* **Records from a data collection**
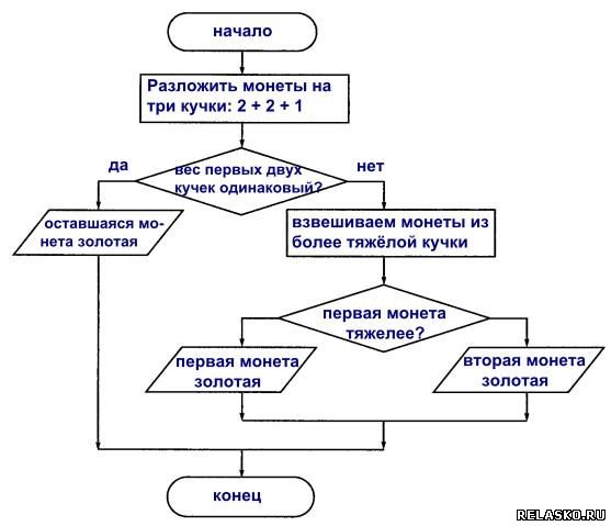 199. Кот Матроскин и пёс Шарик нашли клад, который состоял из 5 одинаковых монет. В коробке, в которой лежали монеты, друзья обнаружили записку: «При помощи чашечных весов без гирь найдите среди этих 5 монет одну золотую и купите почтальону Печкину велосипед. Сделайте это при помощи двух взвешиваний. Золотая монета более тяжёлая». Дядя Фёдор помог своим друзьям справиться с этим заданием. Как он действовал?
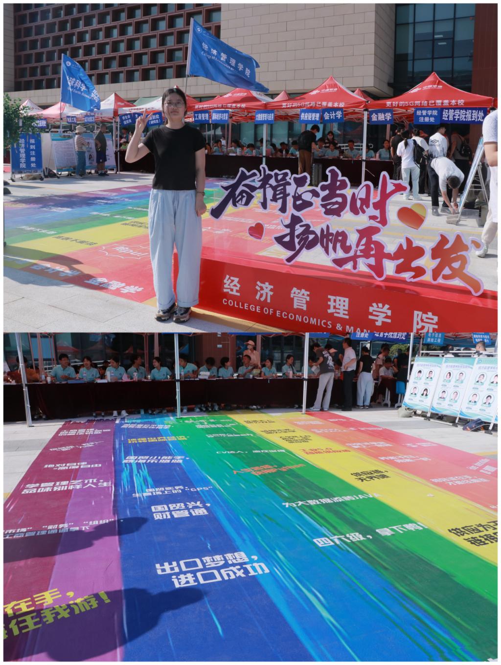 “抢pu!、高数再爱我一次、高数不能挂、英语不能差....”学院迎新报到点的“彩虹跑道”,吸引了众多新生打卡。“彩虹跑道”上有不同专业、不同年级的迎新标语,寓意新生踏上“彩虹跑道”,开启美丽多彩的大学生活,书写璀璨的人生篇章。
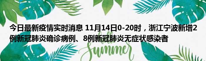 今日最新疫情实时消息 11月14日0-20时,浙江宁波新增2例新冠肺炎确诊病例、8例新冠肺炎无症状感染者
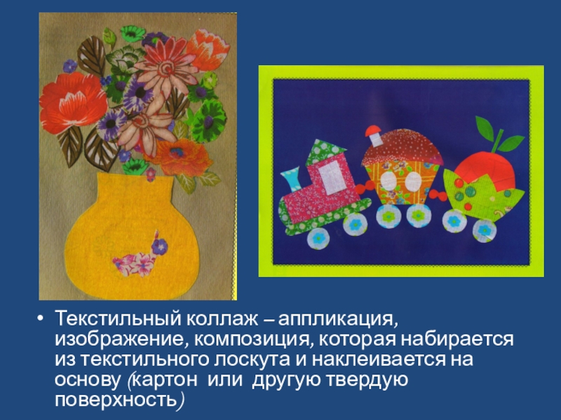 Слайд 12Текстильный коллаж – аппликация, изображение, композиция, которая набирается из текстильного
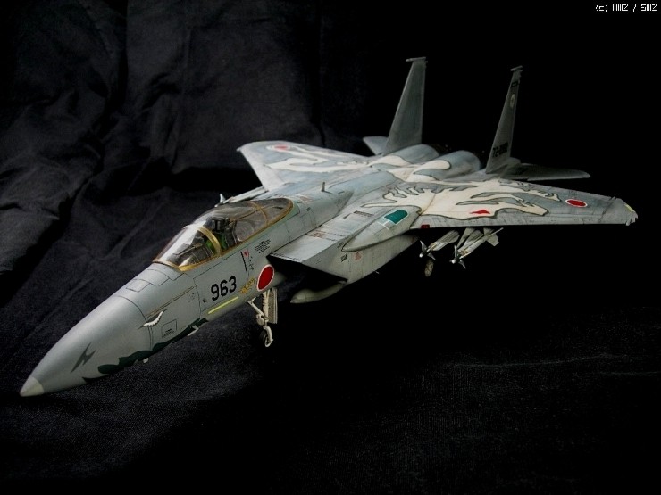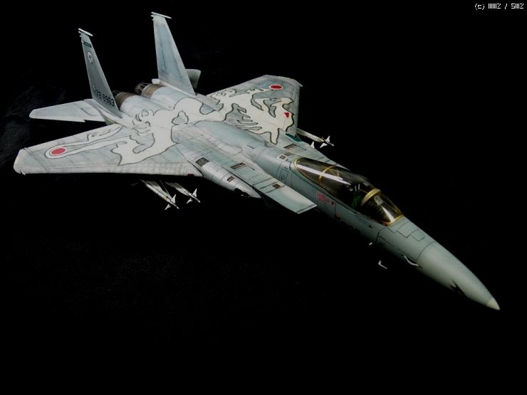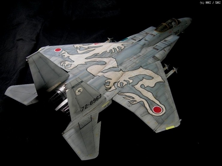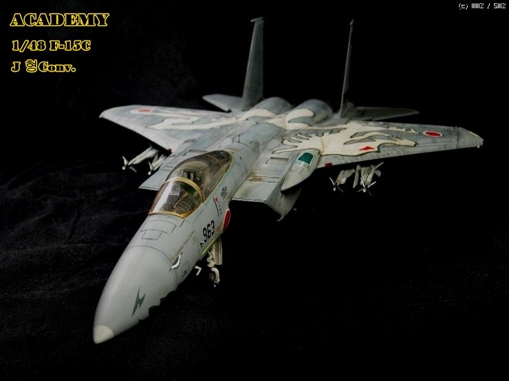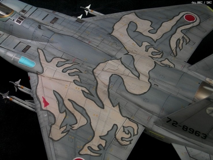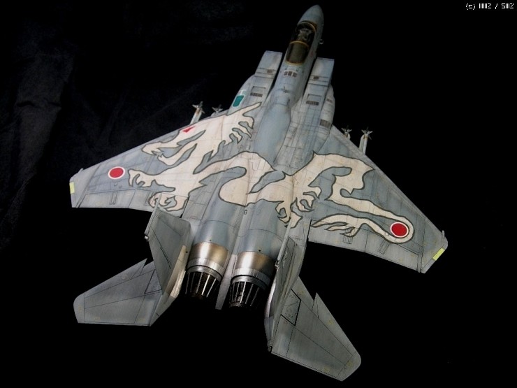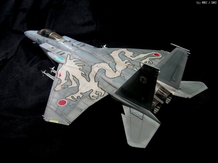 아카데미 1/48 스케일 F-15C형을 일본 항자대가 운용하는 J형으로 만들면서 백룡을 상면에 넣어 봤습니다.
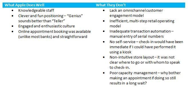 Apple Store – Perimeter Mall, Atlanta, GA[/caption] Wisely, I called the store before making the trip. The extremely friendly and knowledgeable Apple rep on the phone politely reassured me that I could have a new phone for $199 + tax as long as I still had my previous phone and was willing to leave it at the store. All I had to do was make an online appointment and check in at the Genius Bar once there. Simple enough, but why didn’t the Apple rep make an appointment for me while I was on the phone? I strategically planned an appointment on a Thursday afternoon, thinking it best to avoid weekends, particularly for a retail mall based store before Christmas. Arriving at the store, I found it a bee hive of activity. The relatively small store must have had 60 people in it. After checking in, I was asked to sit at an apparently random bar stool. Ten minutes later another Apple employee greeted me, verified my identity, confirmed the purpose for my visit and politely asked me to move to a second bar stool deeper into the store. Why couldn’t the first person meet my very simple need?
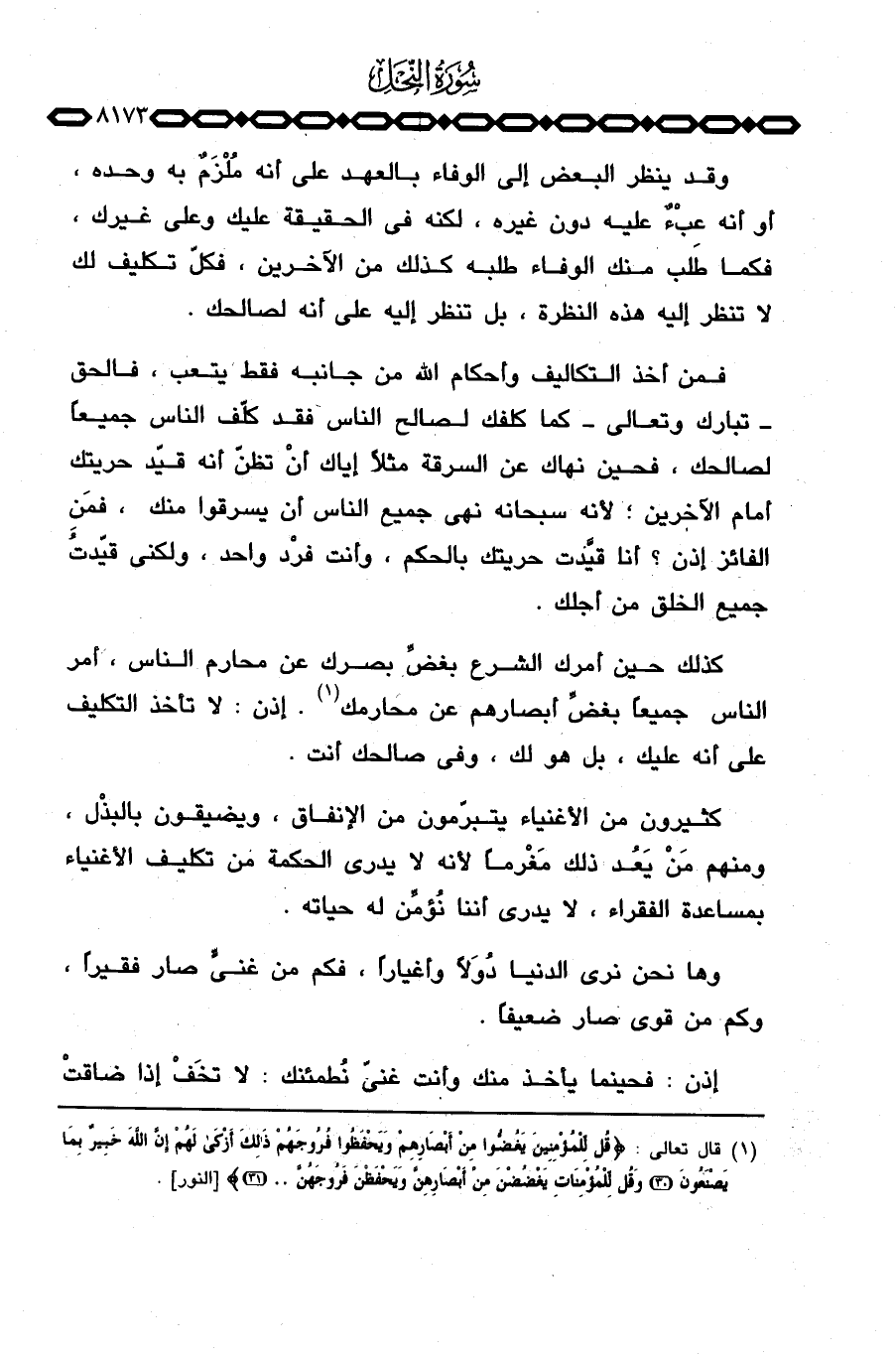 كذلك حين أمرك الشرع بغضِّ بصرك على محارم الناس، أمر الناس جميعاً بغضِّ أبصارهم عن محارمك. إذن: لا تأخذ التكليف على أنه عليك، بل هو لك، وفي صالحك أنت.

* **Work instructions**
In the data above, find the line containing "Слайд 12Текстильный коллаж" and the line containing "아카데미 1/48 스케일". Copy exactly the stretch from the first through the second, both included, leaving out any picture.

* **Solution for this task**
 Слайд 12Текстильный коллаж – аппликация, изображение, композиция, которая набирается из текстильного
 아카데미 1/48 스케일 F-15C형을 일본 항자대가 운용하는 J형으로 만들면서 백룡을 상면에 넣어 봤습니다.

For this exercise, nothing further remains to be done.